Нечиновные буржуа хотят изъять бюджетные средства, передаваемые на их предприятия, и перегнать средства за рубеж (то есть спрятать). А чиновные буржуа хотят сразу изъять бюджетные средства, не передавая их на предприятия. Изъяв же, перегнать за рубеж (то есть опять же спрятать).
К тому же чиновник хотел бы запустить руку в мошну буржуа, который с ним перестал делиться и заявил: «А зачем с тобой делиться, если ты можешь бюджет разграбить?»
Причина №2 намного важнее причины №1. Она состоит в том, что буржуазный класс хочет не только грабить, но и прятать деньги за рубежом.
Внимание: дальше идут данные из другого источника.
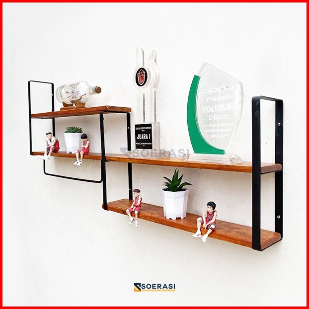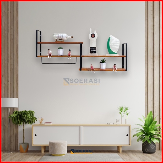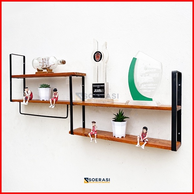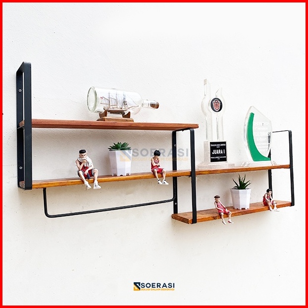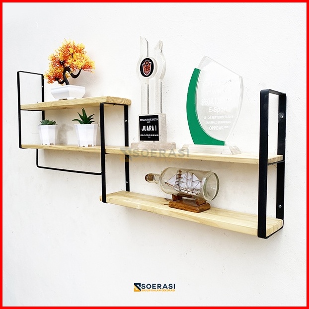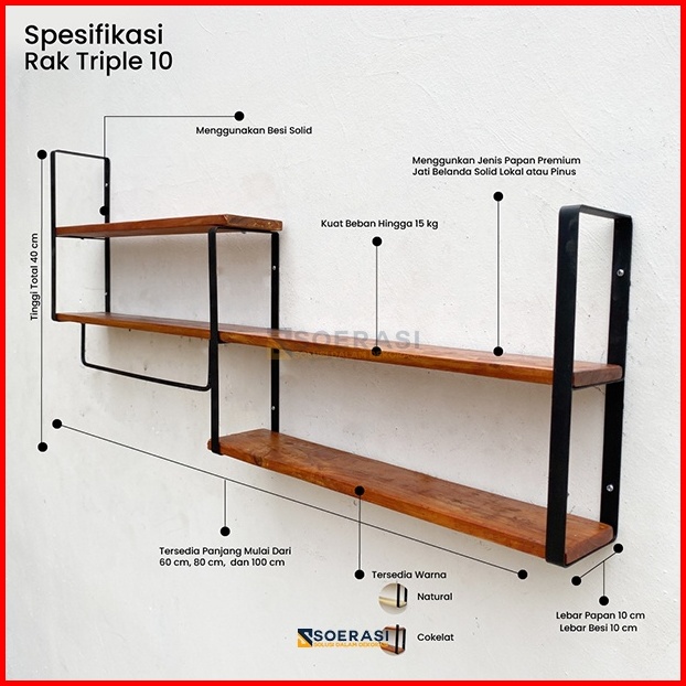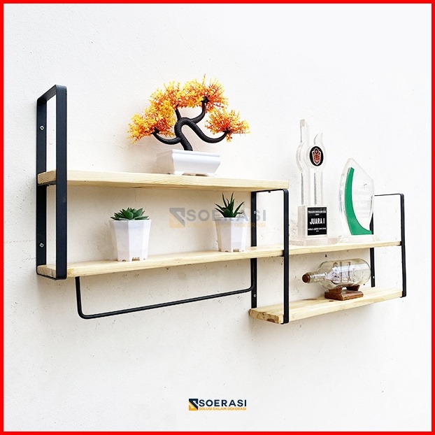 Triple 10cm Rak Dinding Tora Tempel Gantung Ambalan Susun Tingkat 3 Ruang Tamu Keluarga Besi Dan Kayu Penyimpanan Sepatu
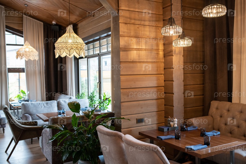 Уголок современного роскошного ресторана с деревянными столами, подаваемыми для гостей
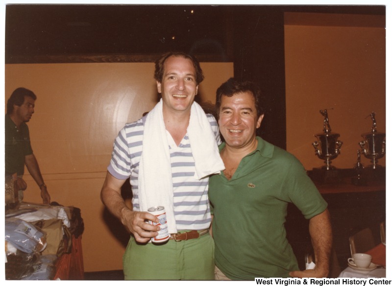 - Congressmen David Cornwell (left) and Nick Rahall, II (right) after the 1984 Congressional Golf Tournament.

А за рубежом не любят Путина. И говорят буржуазному классу: «Если ты не уберешь Путина, мы начнем экспроприировать твои денежки». Об этом уже не просто говорят. Теперь уже и действуют. Например, принимая «акт Магнитского».
Ну, и что Путин на это ответит буржуазному классу? А также сросшемуся с ним чиновному племени?
Тут есть два варианта. Либо Путин раскалывает класс на компрадоров и национальную буржуазию. И, опираясь на национальную буржуазию и социальные низы, зачищает всех компрадоров. Либо необходимы еще гораздо более радикальные меры. Пока что никакой национальной буржуазии не видно даже в микроскоп. А значит, вся буржуазия объявила войну Путину. Чем ответит Путин? И на кого обопрется?
Мне скажут, что тут ответ вообще невозможен. Но это не так. Пока что у Путина есть несколько вариантов ответа. И каждый из них связан с определенным способом возвести на пьедестал человека труда. Да-да, именно человека труда. Здесь я возвращаюсь к той теме, с которой начал. Ибо она и есть главное. Я ведь всю эту статью так и назвал — «Главное».
Я не буду перебирать несколько разных вариантов, позволяющих Путину опереться на человека труда — это требует отдельного обсуждения. Скажу лишь, что если вся буржуазия объявила войну Путину, то он может опереться только на труд против капитала. И не надо говорить о том, что-де, мол, «есть только один способ это сделать — именно тот, который люб товарищу Кургиняну, и потому товарищ Кургинян все под это подверстывает». Любой политически образованный человек понимает, что есть разные способы это сделать. Но если буржуазный класс действительно объявил войну Путину, то Путин может либо тем или иным способом сделать это — опереться на труд против капитала, либо умереть. Все видели, что Путин умирать не хочет. Но и реальных политических сигналов собственно мобилизационного характера не посылает. И уж тем более не обеспечивает взаимодействие этих сигналов с реальностью.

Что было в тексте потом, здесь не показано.